書店に行っても売ってなかったので、通販で注文していた本が届きました。

模型メーカーのGSIクレオスの製品(主に塗料)にスポットをあてた書籍。読んだ瞬間に思わず声を出してしまいました。

この本は、冒頭から「長谷川迷人」が登場します。模型界では、知らない人はいないでしょう。Ustreamユーストリーム)で、模型講座などの生配信もされてらっしゃいます。

特に、YouTubeに転載された下記の動画は必見です。

◆ お昼休み模型講座・特別編《動画で見る!上手な缶スプレー塗装のコツ》

↑この動画は、本当にためになります。

長谷川迷人が関わっているとは、知らずに買ったんですが、迷人が関わっているなら間違いないだろうと思って、読み進めた時に、思わず声に出して驚きました。

書評:『Mr.HOBBY Master Book』

↑「スケールエフェクト」の記事です。

日本のこういった模型関連の書籍で、ここまで「スケールエフェクト」に誌面を割いた本を見たことがありません。

ところで、DMH展2013の個人的な感想を…|できるミニチュア教室(アメブロ版)にて、『ミニチュアの持つ構造的な課題』と書いたんですが、それが「スケールエフェクト」に関することでした。

ざっくりと「スケールエフェクト」を自分なりに解説しましょう。スケールは「縮尺」、エフェクトは「効果」という意味があるので、個人的には「縮尺効果」と読んでいます。

そこで、等式にすると以下のように。

『1m離れたミニチュア(1/12)の見え方』=『12m離れた実物の見え方』

つまり、1メートル先の距離にある1/12サイズのミニチュアは、12メートル先にある実物と同じ見え方に、理屈上はなるはずなんです。10cm先のミニチュアだと、1.2m先にある実物と同じ。こういった事を考えると、どうしても、ミニチュアは、構造的に遠く感じます。ですから、臨場感の演出が難しい。

匿名掲示板などで、オークションで手に入れたミニチュアが、「写真と印象が違う。写真マジックだ!」「実物は、思ったよりも…。」という辛口の意見があるようですが、スケールエフェクトを考えると、そう思ってしまうのも、わからなくはありません。

パソコンの画面でも、わかりやすい(極端な)実験をしましょう。絵画の世界などでは、「Area Effect(面積効果)」と呼ばれる現象なんですが、以下に2つの円があります。

書評:『Mr.HOBBY Master Book』

2つの円は、全く同じ色です。左の大きな円よりも、右の小さな円の方が暗く見えると思います。
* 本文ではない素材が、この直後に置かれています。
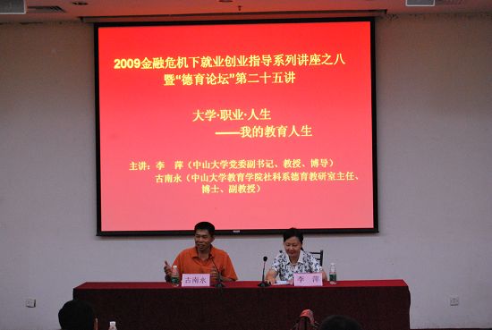 6月23日,“2009金融危机下就业创业指导”系列讲座第八讲暨“德育论坛”第二十五讲在校本部讲学厅举行。中山大学党委副书记、博士生导师李萍教授和中山大学教育学院社科系德育教研室主任、心理教育专家古南永副教授应学校邀请,以“大学•职业•人生——我的教育人生”为题为伟德官网师生作了一场学术报告。校长王乐夫、校党委副书记罗海鸥出席报告会,全体政工干部、社科部教师及学生代表200多人聆听了报告。报告由校党委副书记罗海鸥主持。

この画像をパソコンか、タブレットか、スマートフォン・携帯で見ているかは、わかりませんが、発光している液晶画面でさえ、小さいものが暗く見えるので、実物のミニチュアだと、なおさら暗く遠く感じるはずです。

さて、模型の世界では、このスケールエフェクトについて、1988年に発刊された、デービット・クラウスさんの著作「The IPMS color cross-reference guide 」にて、興味深い言及がされています。
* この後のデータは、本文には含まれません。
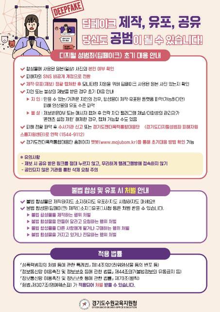 경기도수원교육지원청은 최근 불법으로 사진을 합성하는 ‘딥페이크’성범죄물이 사이버 공간의 단체 대화방에서 공유되어 가정과 학교 현장의 불안감이 커지는 상황에 대응하기 위해 ‘디지털 성범죄(불법 합성 및 유포)’대응 및 예방 교육을 위한 카드 뉴스 및 초?중등 3차시 교육자료를 제작하여 각급 학교에 보급하기로 하였다.

» The IPMS color cross-reference guide (Open Library)

この本では、1/32スケールの模型の塗装には、ベースとなる色に白を7%添加。1/48だと、10%添加、1/72だと15%添加すると、よりリアルな表現となるという方法論が紹介されています。スケールの大きさによって、色調を変えるという提言です。(最近の模型界では、この方法は、古典的で、単純に白を足すやり方を試す方は少ないと思いますが、こういった方法論を提唱した功績は大きいと、個人的には思います。)
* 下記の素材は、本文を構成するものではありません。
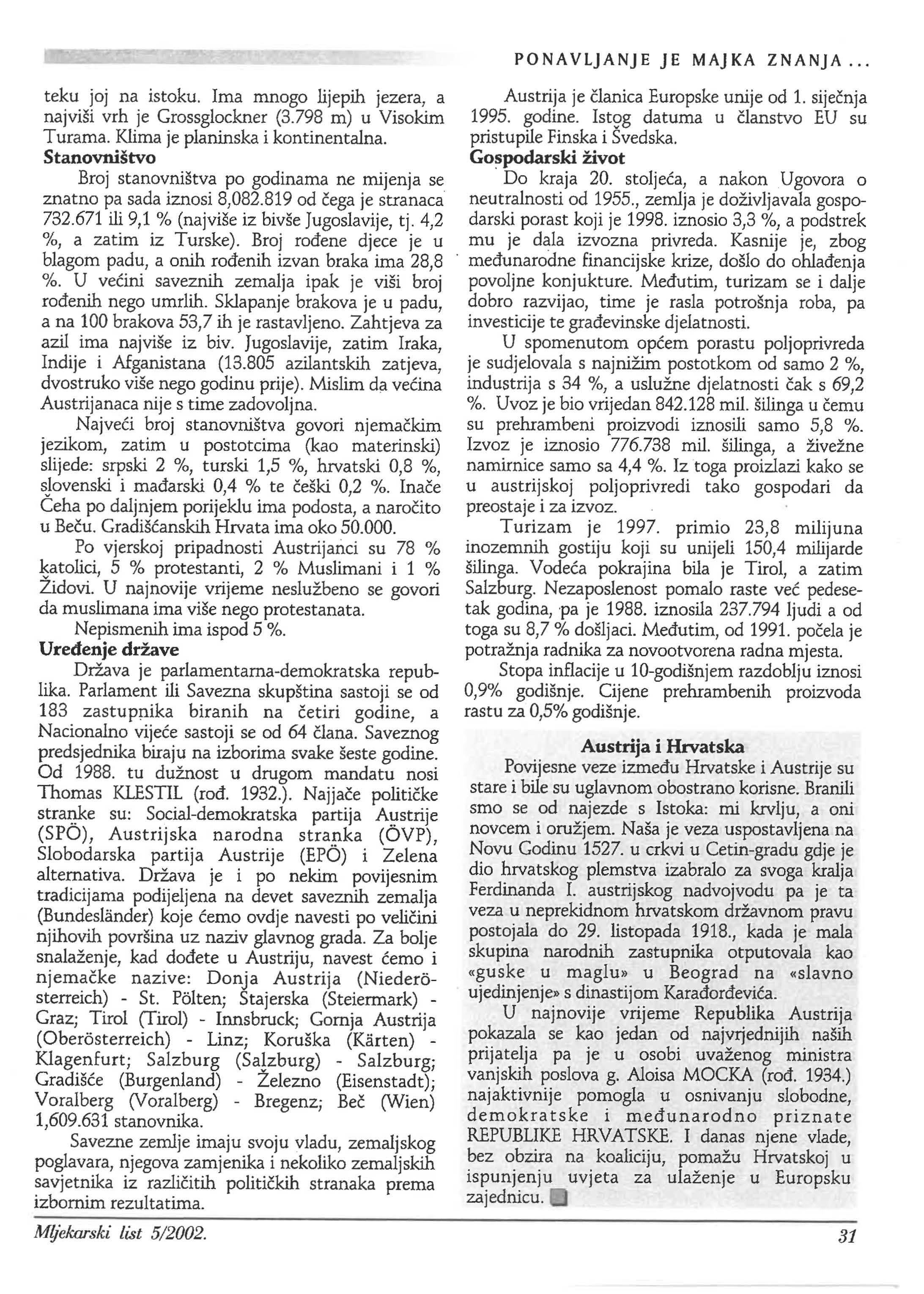Država je parlamentarna-demokratska republika. Parlament ili Savezna skupština sastoji se od 183 zastupµika biranih na godine, a Nacionalno sastoji se od 64 Saveznog predsjednika biraju na izborima svake šeste godine. Od 1988. tu dužnost u drugom mandatu nosi Thomas KLESTIL 1932.). stral}-ke su: Social-demokratska partija A~strije (SPO), Austrijska narodna stranka (OVP), Slobodarska partija Austrije i Zelena alternativa. Država je i po nekim povijesnim tradicijama podijeljena na devet saveznih zemalja (Bundeslander) koje ovdje navesti po njihovih površina uz naziv glavnog grada. Za bolje snalaženje, kad u Austriju, navest i nazive: Donja Austrija (Niederosterreich) - St. Polten; Stajerska (Steiermark)Graz; Tirol (Tirol) - Innsbruck; Gornja Austrija (Oberosterreich) - Linz; Koruška (Karten)Klagenfurt; Salzburg (Salzburg) - Salzburg; (Burgenland) - Železno (Eisenstadt); Voralberg (Voralberg) - Bregenz; (Wien) 1,609.631 stanovnika.

では、ミニチュアのスケールエフェクトをどうするのか?どうやって臨場感を演出するのか?

この答えこそが、ミニチュア作家自身の技や味なんでしょう。DMH展で、いろんな作家さん達の作品を見て、1番に感じたポイントでもあります。(この辺の解説は、いつかの機会に…。)

さてさて、書評に戻りますと、この本は、かなり有益な情報が満載です。

↓例えば、クリア塗装・調色のコツ。

書評:『Mr.HOBBY Master Book』

ルーターの先端工具の使い分け。

書評:『Mr.HOBBY Master Book』

今度、クレオスから新型の塗料が出るので、少しタイミングが悪い発刊と思わなくもないんですが(逆に言えば、新型塗料が出る前に、出版したかったんでしょうけども)、手元に置いておいて損はないでしょう。書評:『プラモデルカラーガイド』で紹介した「プラモデルカラーガイド」と合わせて読むと良いと思われますが、あいにく「プラモデルカラーガイド」は絶版なので…。